One of the things I’ve noticed when it comes to IT is how quickly we’re willing to use software to solve people problems. Over my career I’ve seen all manner of crazy solutions to get around people being lazy or uneducated. Remember vMotion? Or OTV for stretched layer 2? Why do you think those solutions came about? I posit that it’s because it’s faster to write software than to patch people.

Hacking Humans

I see this most often in cybersecurity. Developers love to create software solutions that prevent things from happening. Phishing and all its various forms are some of the top priorities for solutions that prevent leaking of information. While we have invested a lot in phishing tests and education it’s also very likely that there are controls in place that prevent users from accidentally giving out information to threat actors.

Why are we so willing to write software to fix problems instead of teaching people to avoid those issues? I think in part it’s because software is predictable. If I create an app or write some controls into a platform it’s going to behave the same way every time. That’s the definition of deterministic. Every time the software is presented with an input it will react the same way. That makes it easy to figure out. People that deal with risk on a daily basis just love predictability.

Humans are messy. We don’t always behave the same way every time. Even someone that knows they shouldn’t click on links in an email will do it because they aren’t paying attention or because they are tired. When you factor in how much better the phishing emails have gotten thanks to the advent of generative AI even the rank-and-file people are getting tricked. Developers would rather deal with software than trying to send more tests and update education resources.

The real issue is that we can’t patch people as easily as we can with software. If updating the filters for spam and phishing and other security related items was as simple as downloading the new attack vectors into someone’s brain we’d be doing that instead. Likewise, if we could just convince people to build things a certain way to avoid having to create complicated systems like FHRP we would be doing that instead of trying to solve for lazy developers.

Treating People Like Programs

Why is it so hard to patch people? Forget about the deterministic part of the equation for a moment. Software isn’t instantly updated when something is discovered. It takes time to develop lists of new vectors or update programs to remove vulnerabilities. Why can’t we do the same for people and reduce the overhead of all the extra software?
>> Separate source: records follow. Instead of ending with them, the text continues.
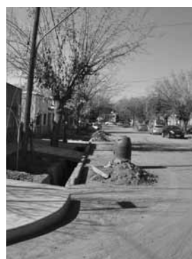
Mejoras en el barrio.

emplazan por cunetas revestidas en hormigón, a lo que se suma la construcción de cordones y banquetas con el mismo material. La infraestruc-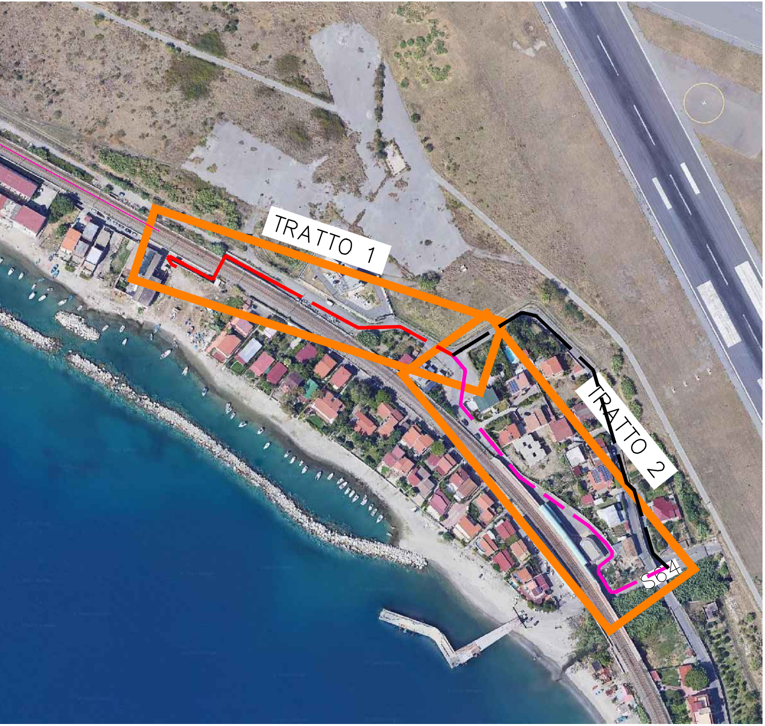
PIANTA CHIAVE 1:2500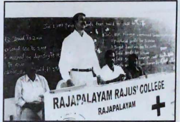
Two month Automobile Mechanism Training Camp Inaugural Function held on 28.07.2011.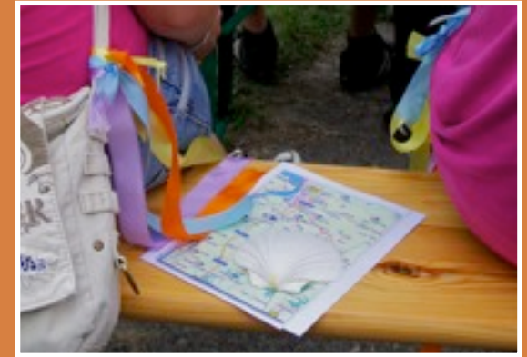
Der Weg ist das Ziel: „Kirche auf dem Rad“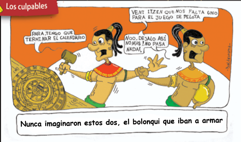
Nunca imaginaron estos dos, el bolonqui que iban a armar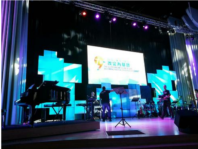
大會舞臺充滿時代氣息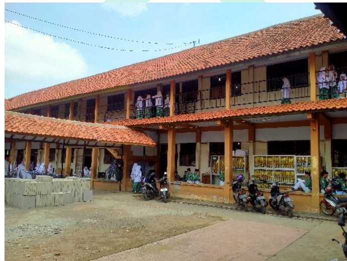
Gedung MTs IN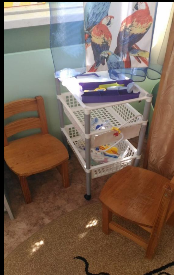
Сюжетно-ролевая игра «Доктор»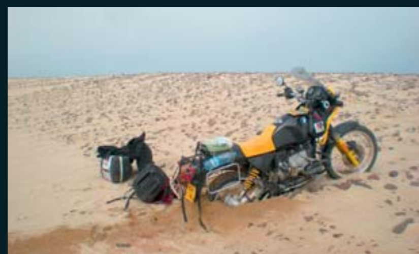
Pequeño problema en la Costa de los Esqueletos, en Namibia.

Una aventura así no es barata... “Teniendo en cuenta que hay que hacer revisiones, comprar neumáticos, pagar visados y afrontar imprevistos, son unos 80 ó 100 dólares diarios. Por supuesto, hay modos más caros de viajar en moto. En Kazajstán encontré quince ingleses que daban la vuelta al mundo en cuatro meses. Llevaban cerrada la ruta y todos los hoteles reservados, les seguía un todoterreno de apoyo con piezas y un mecánico. Viajar con niñera les costaba 30.000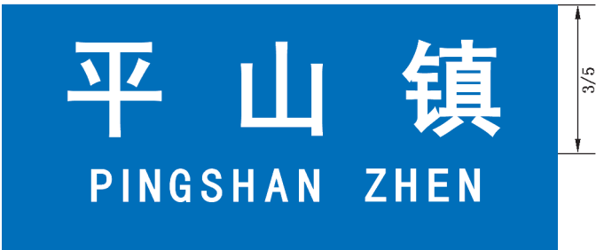
图 B.7 乡级地名标志版面示例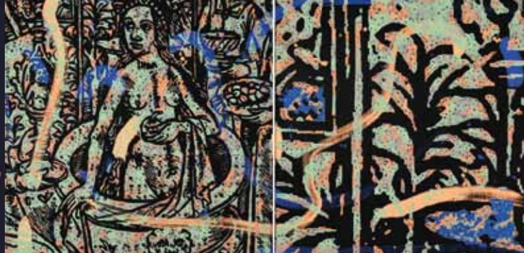
► Bethsabée au bain © Philippe Guesdon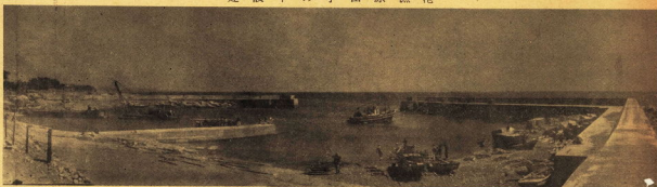
建設中の小田原漁港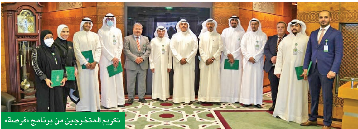
تكريم المتخرجين من برنامج «فرصة»

العمر: نحرص على تعزيز فكرة العقلية الرقمية المبتكرة لدى موظفينا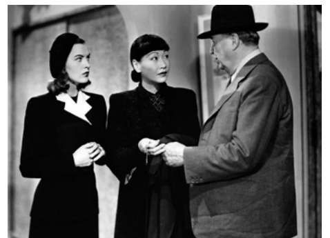
1943 IMPACT (Impact) d'Arthur Lubin avec Ella Raines, Charles Coburn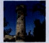
元日立航空機工業(株) (変電所側の給水塔)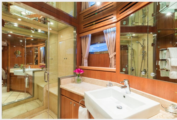
Lower Deck VIP Head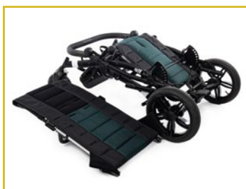
Estructura plegable y desmontable en 2 partes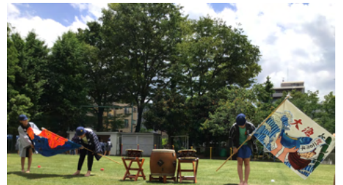
「礼」をする6年生 (5/29リハーサル)

先日の全校集会で、「礼」について話をしました。スポーツのあいさつや人と会ったときに行う「礼」。感謝と尊敬の気持ちが込められているのが「礼」。人と人が気持ちよく関わるためのエチケットとして行う「礼」。集会の最後に、こんな話をしました。「110年という長い歴史のある八名川小学校の運動会を、私たちの感謝と尊敬の気持ちを込め、誰もが気持ちよく感じるエチケットとして『礼』を大切にしましょう」と。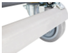
optie- isolatiecontainer- ergonomische- centrale-rem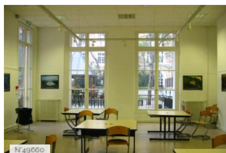
Lycée Octave Feuillet - Salle défilé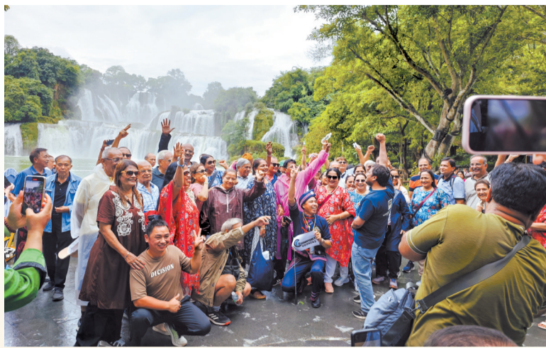
外国旅行团在德天跨国瀑布前合影留念。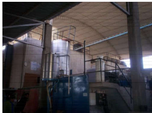
Tinglado parabólico Bodega Cortupasi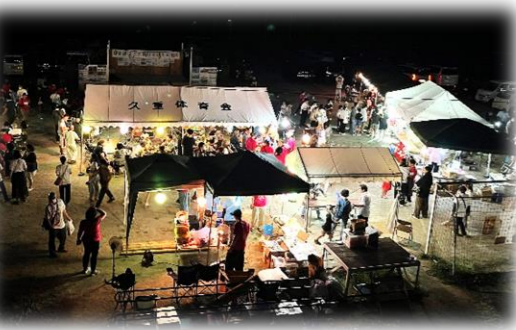
4月29日の「久重 youth 発足会」に集まったわかものや地域の人たちでカンパイ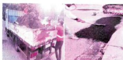
RECUPERAÇÃO DE VIAS PÚBLICAS COM APLICAÇÃO DE MASSA ASFÁLTICA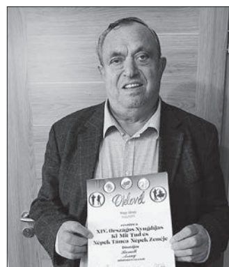
Újabb elismerés a nagykállói harmonikásnak

Lelkesedése, a harmonika, a zene iránti szeretete, mint sem lankadt az elmúlt 50 év során, ha teheti, minden nap játszik harmonikáján, mert számára a zene az önkifejezés legszebb formája.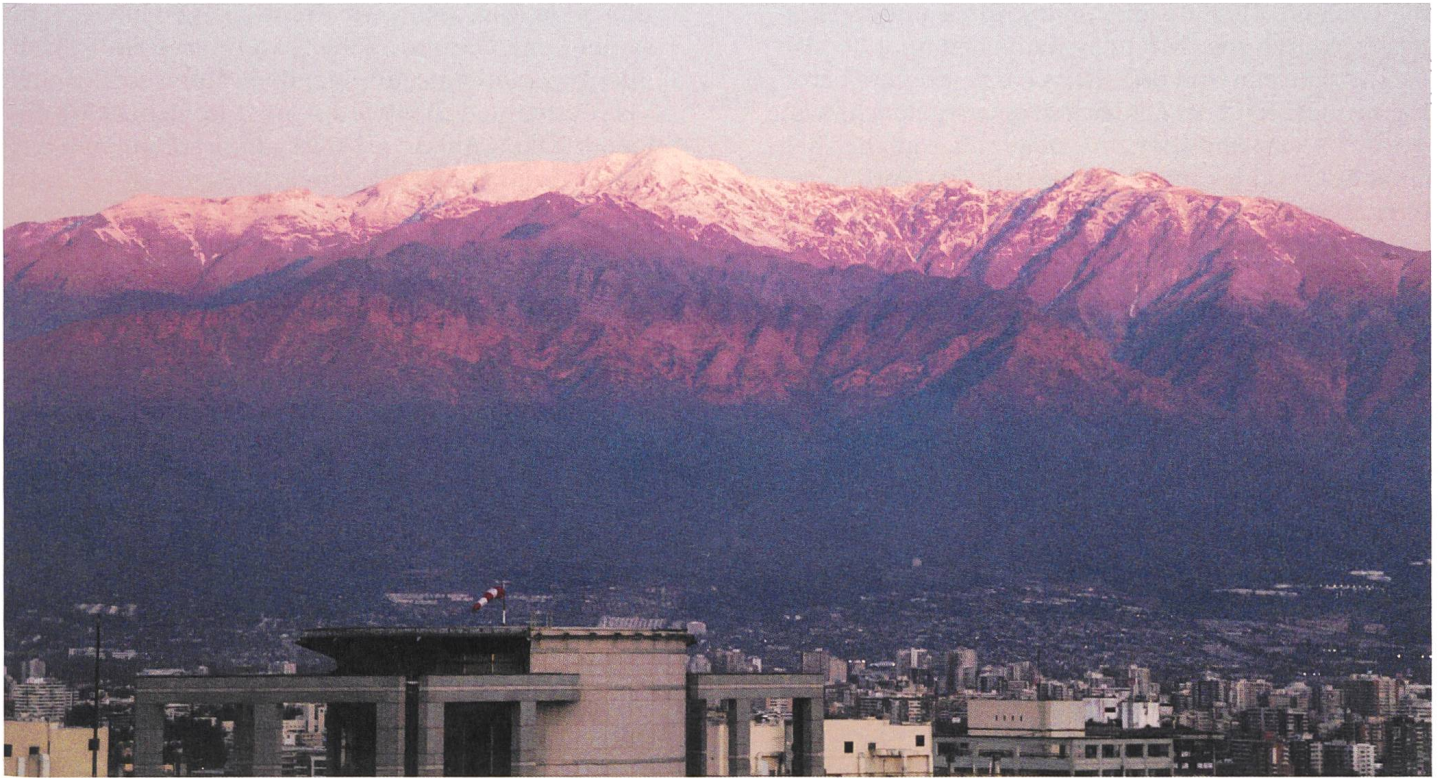
La cordillera de los sueños Regie: Patricio Guzmán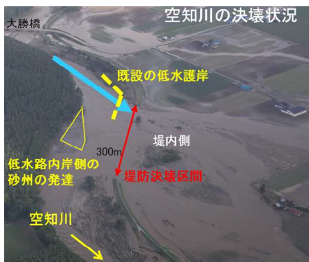
平成28年 空知川幾寅地区の堤防決壊状況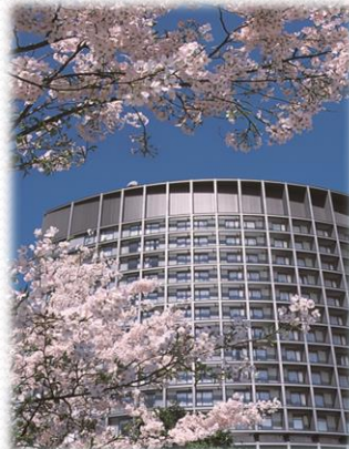
遠方からのゲストの方の宿泊も容易なようにホテルウェディング(ホテルグランドアーク半蔵門)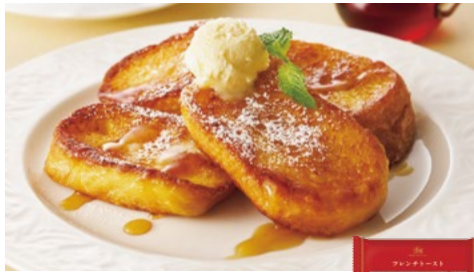
〈帝国ホテルキッチン〉フレンチトースト 40点限り 972円(210g)

※なくなり次第終了とさせていただきます。※画像はイメージです。 ※すべて冷凍販売となります。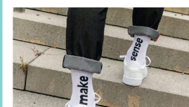
Abbigliamento e borse

Se utilizzi la bicicletta per almeno il 50% delle tue giornate lavorative, partecipi automaticamente all'estrazione dei premi.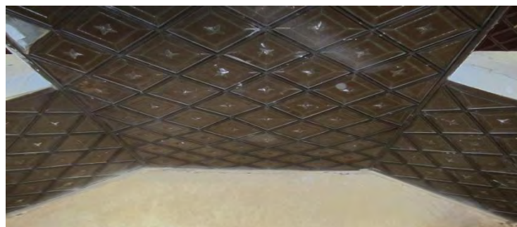
تصویر (۳) معماری قلعه صمصام السلطنه شلمزار (قربانی و ولی بیگ، ۱۳۹۴: ۱).

طبقه اول دارای چندین اتاق با طاق و تویزه و با خشت خام پوشش شده. بسیار محکم و استوار باقی مانده است. جلو این طاق را ایوانی با ستون های سنگی در بر گرفته است. که با نقوش حجاری شده گیاهی تریئین شده است. طبقه دوم که ایوانی ستون دار مشابه طبقه همکف داشته است خراب شده و آثار زیادی متاسفانه بر جای نمانده است. تصویر شماره (۳)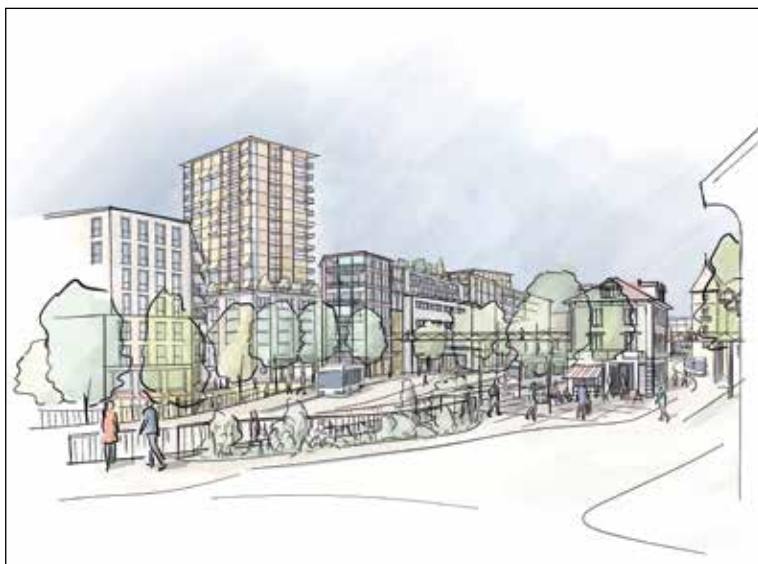
Blick vom Braukreisel auf das neue Südiareal. Volumenskizzen ohne Architektur.

Bereits zum dritten Mal konnte die Hochdorfer Bevölkerung Ende März bei der Entwicklung des Südiareals mitwirken. Die Reaktionen an zwei Infoveranstaltungen sowie in der anschliessend durchgeführten Onlineumfrage machen deutlich: Hochdorf ist auf dem richtigen Weg.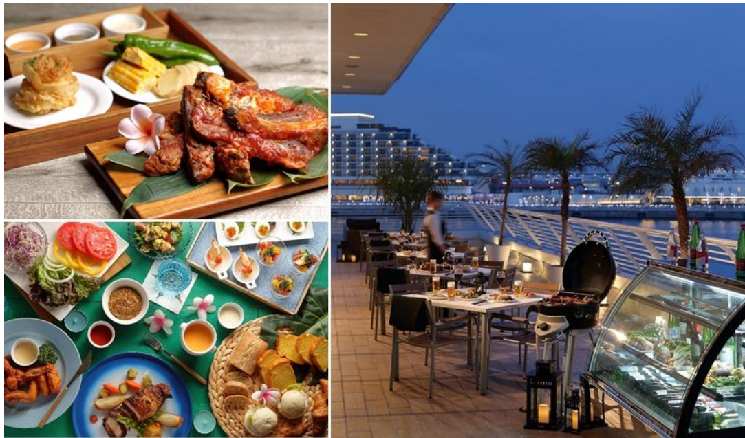
<左上：ビアテラス限定メニューのイメージ、左下：バイキング料理イメージ、右：ビアテラスのイメージ>

目の前でシェフが仕上げるライブキッチンの料理や、ホテルの和洋中の各料理長が考案したメニューをバイキング形式でお楽しみいただけるほか、生ビールやカクテル、ソフトドリンクなどのフリードリンクがセットになったプランを提供いたします。また、ビアテラス限定メニュー（別途料金要）としてスペアリブ、3種の野菜、オニオンリングがセットになったプランもご用意いたします。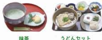
抹茶 うどんセット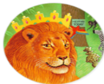
Animals & Plants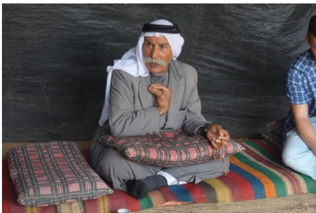
Son village bédouin Al-Araqib dans le Néguev a été détruit 128 fois (!)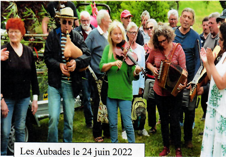
Les Aubades le 24 juin 2022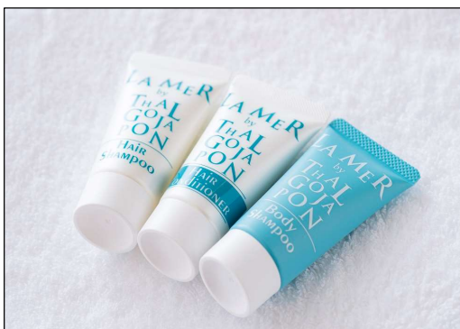
タルゴジャポン 特別アメニティ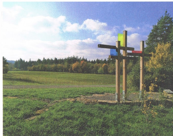
Pfalzgrafenweiler-Neunuifra & Haiterbach

People can be “patched” with education. It isn’t always easy to get people to take courses or read the bulletins that are sent out. There are ways to force people to do it but that kind of friction just makes security teams resent users for trying to avoid mandatory training updates. Hence the reliance on software to fix the issues. But it doesn’t have to be like that.

Instead of forcing people to take updated training you could use something like gamification to encourage people to update training or learn about new issues. This is especially good with younger or newer employees that are used to the badge hunt mentality. Giving them the option to display achievements tied to training is a great way to encourage them to keep updated while also pulling others in that want to earn the same recognition.

Tom’s Take

I get the desire to rely on deterministic software rather than dealing with unreliable people. But there is only so much software that you can write to try and fix behaviors. We eventually have to get to a point where we can educate users and encourage them to want to keep up with it instead of forcing them to go through endless modules that don’t give them any real info. If we would just put in a bit of the effort we use on software controls into the people we’re trying to restrict we might find the effort is multiplied far beyond what we could hope for.